Security and privacy-sensitive smartphone applications use trusted execution environments (TEEs) to protect sensitive operations from malicious code. By design, TEEs have privileged access to the entire system but expose little to no insight into their inner workings. Moreover, real-world TEEs enforce strict format and protocol interactions when communicating with trusted applications (TAs), which prohibits effective automated testing.
TEEzz is the first TEE-aware fuzzing framework capable of effectively fuzzing TAs in situ on production smartphones, i.e., the TA runs in the encrypted and protected TEE and the fuzzer may only observe interactions with the TA but has no control over the TA’s code or data. Unlike traditional fuzzing techniques, which monitor the execution of a program being fuzzed and view its memory after a crash, TEEzz only requires a limited view of the target. TEEzz overcomes key limitations of TEE fuzzing (e.g., lack of visibility into the executed TAs, proprietary exchange formats, and value dependencies of interactions) by automatically attempting to infer the field types and message dependencies of the TA API through its interactions, designing state- and type-aware fuzzing mutators, and creating an in situ, on-device fuzzer.
We found 13 previously unknown bugs in the latest versions of OPTEE TAs.
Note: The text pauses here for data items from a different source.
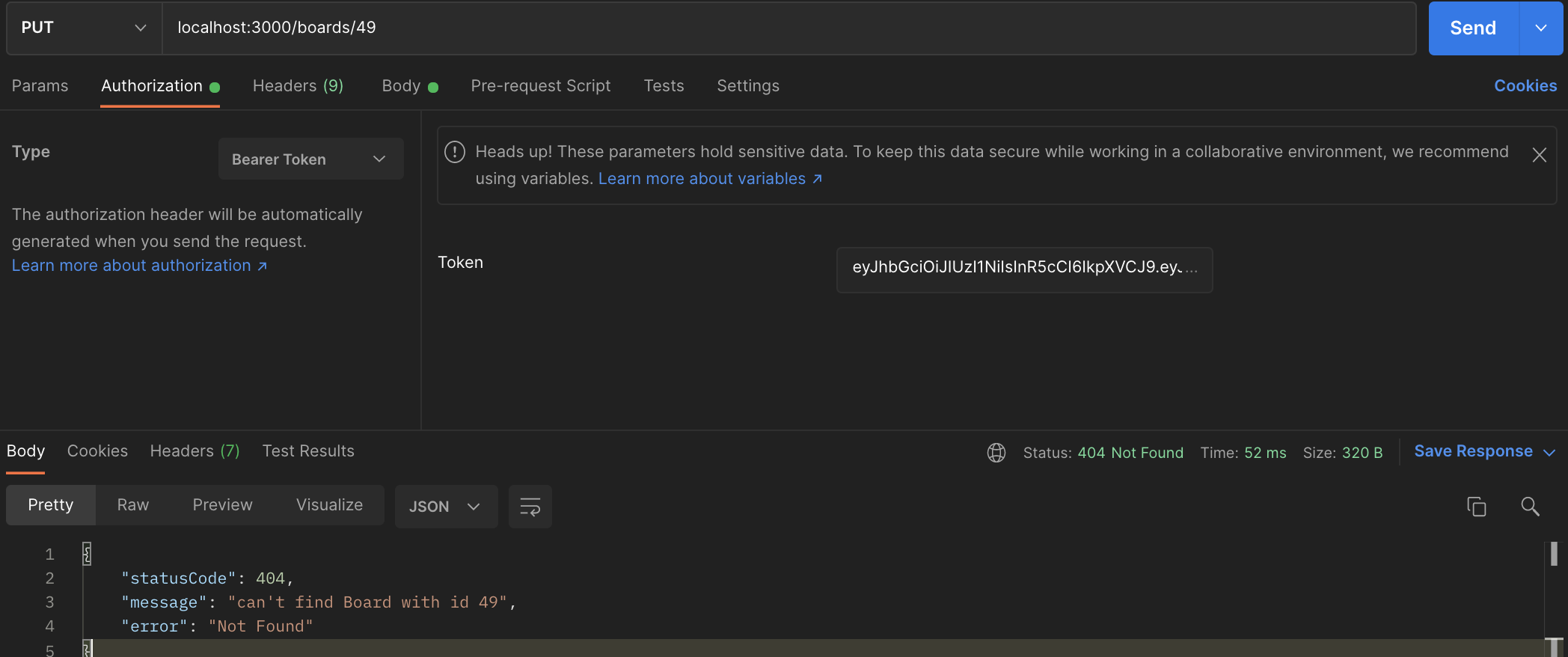 - It looks weired because the result of request, which is not owned board id, is 404 Status code.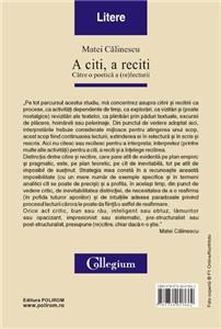 „Pe tot parcursul acestui studiu, ma concentrez asupra citirii si recitirii ca procese, ca activitati dependente de timp, ca explorari, ca vizitari si (poate nostalgice) revizitari ale textelor, ca plimbari prin paduri textuale, excursii de placere, hoinareli sau pelerinaje. Din punctul de vedere adoptat aici, interpretarile trebuie considerate mijloace pentru atingerea unui scop, acest scop fiind continuarea lecturii, extinderea ei in relectura si in scris si rescris. Aici nu citesc sau recitesc pentru a interpreta; interpretez (printre multe alte activitati) pentru a citi, a reciti si a intelege recitirea. Distinctia dintre citire si recitire, care pare atit de evidenta pe plan empiric si pragmatic, este, pe plan teoretic, pe cit de inevitabila, tot pe atit de imposibil de sustinut. Strategia mea consta in a recunoaste aceasta imposibilitate (cu un mare numar de exemple specifice si in termeni analitici cit se poate de precisi) si a profita, in acelasi timp, din punct de vedere critic, de inevitabilitatea distinctiei, de necesitatea de a o reafirma (in pofida tuturor aporiilor) si de intuitiile adesea paradoxale privind procesul lecturii carora le poate da fiinta o astfel de reafirmare.” (Matei Calinescu)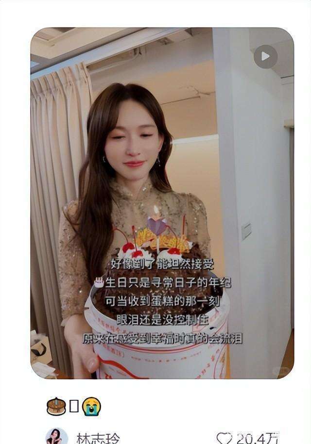 当工作团队突然端来一款精致的红叶蛋糕,放在化妆间的镜子前,『林志玲』的眼睛一瞬间充满了惊讶和感动。她的双眼泛起了泪光,紧接着泪水就顺着她的脸颊滑落。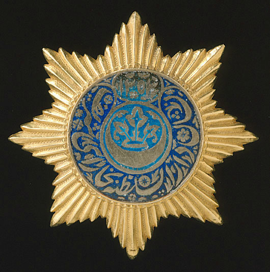 Åttauddig strålstjärna av förgyllt silver, varje udd bestående av åtta strålar med mittås, mellan strålarna repstavar. Runt, platt medaljong av silver, i mitten rundel med ljusblåemalj med halvmåne och därovanför växtornament med tre blad. Ovanför mittfältet vid kanten mindre ovalt fält med ljusblå, delvis missfärgad emalj med skrifttecken av silver. Utefter resten av kanten ett hästskoformigt fält täckt med mörkblå emalj, skrifttecken av silver (nisan-i dar-as-saltana-i Buhara-i sarif = makthusets orden i upphöjda Bokhara).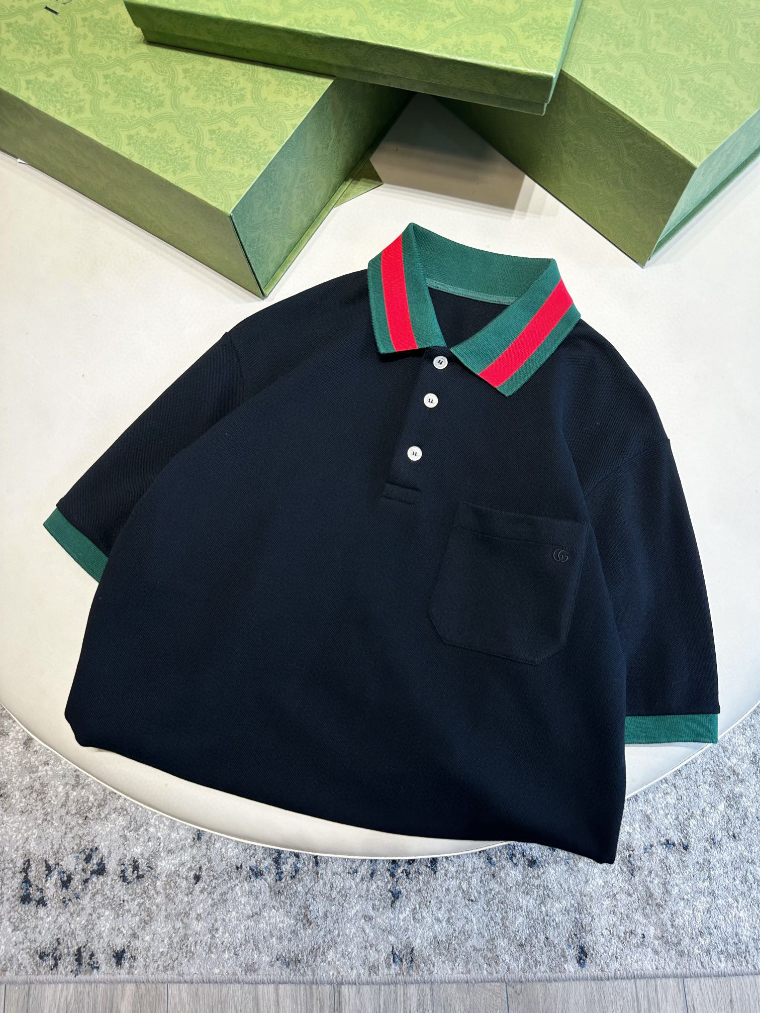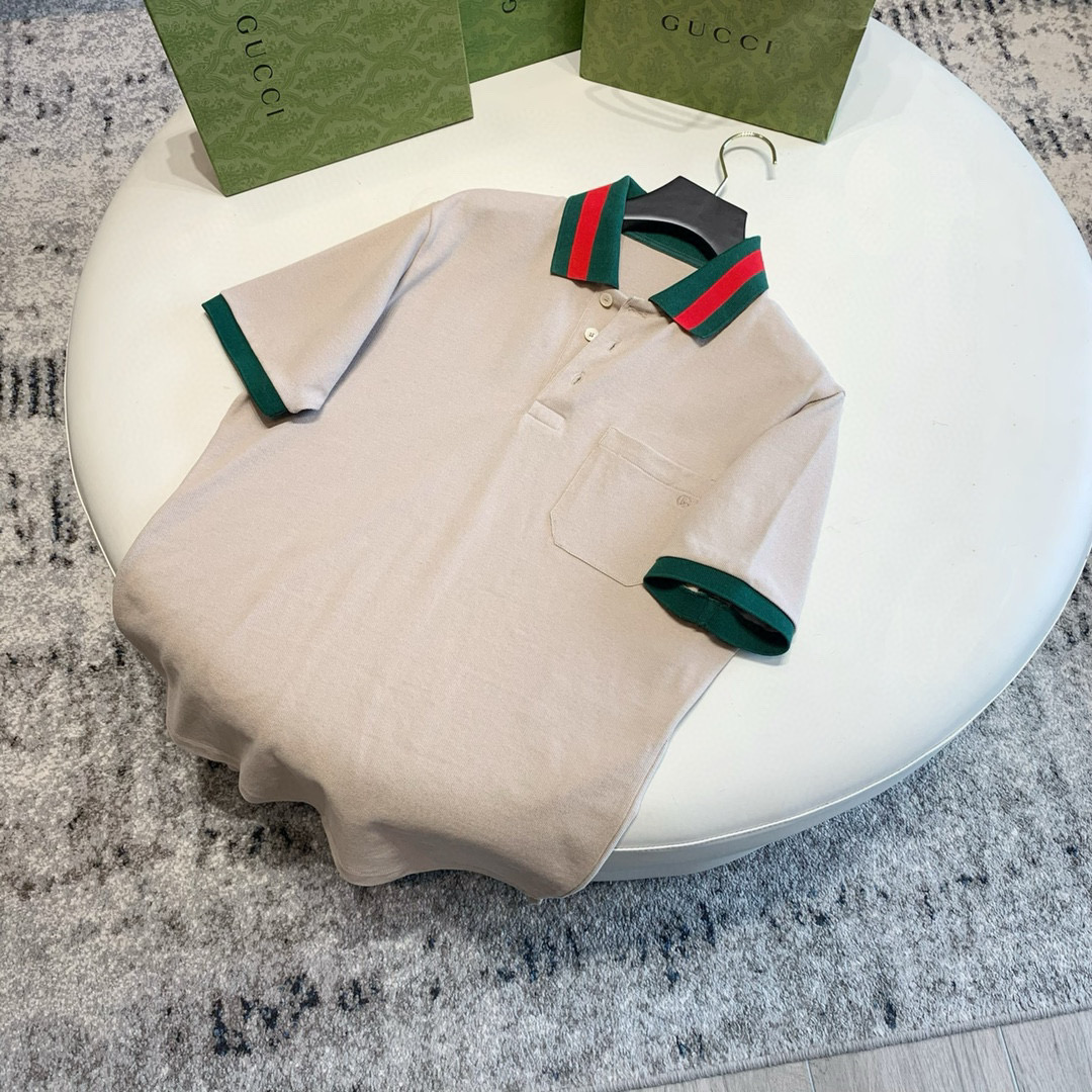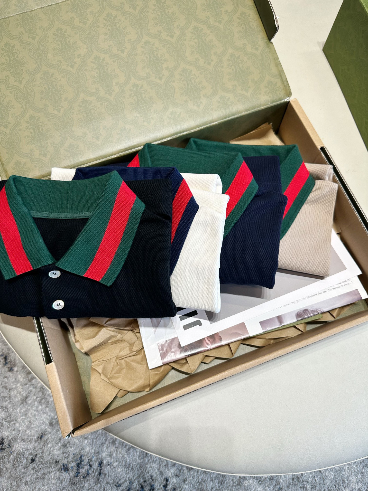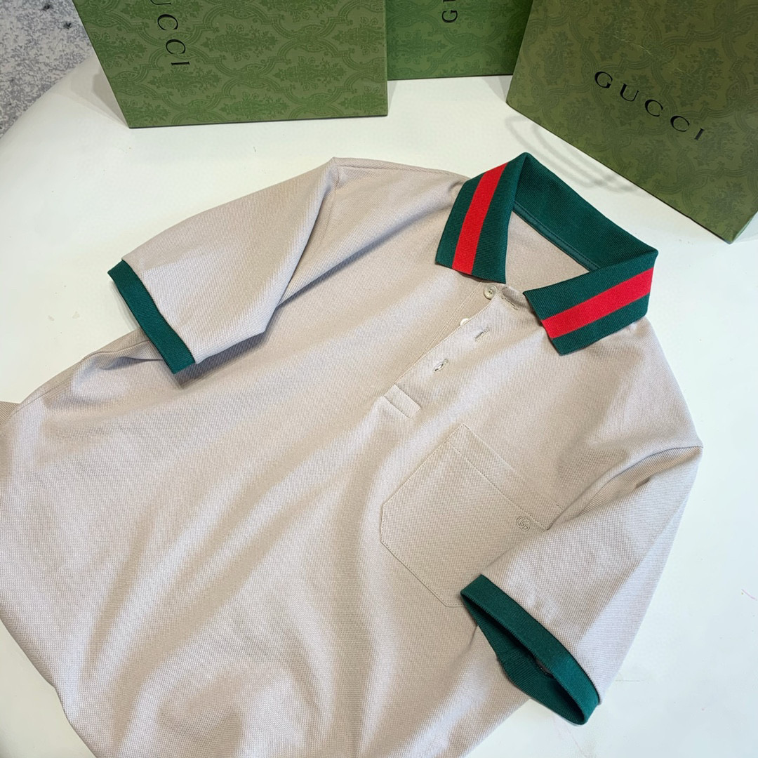 Gucci Cotton Piquet Polo With Web Collar Men's Summer Short Sleeve Polo Shirt #nigo96343

We also ran TEEzz on popular phones and found 40 unique bugs for which one CVE was assigned so far.
Marcel Busch is a PostDoc at EPFL with the HexHive group. His current research focus is mobile security with a special interest in Android TEEs and fuzzing. Outside of work, Marcel enjoys solving CTF challenges and capturing flags with FAUST, Shellphish, p0lygl0ts, or the 0rganizers.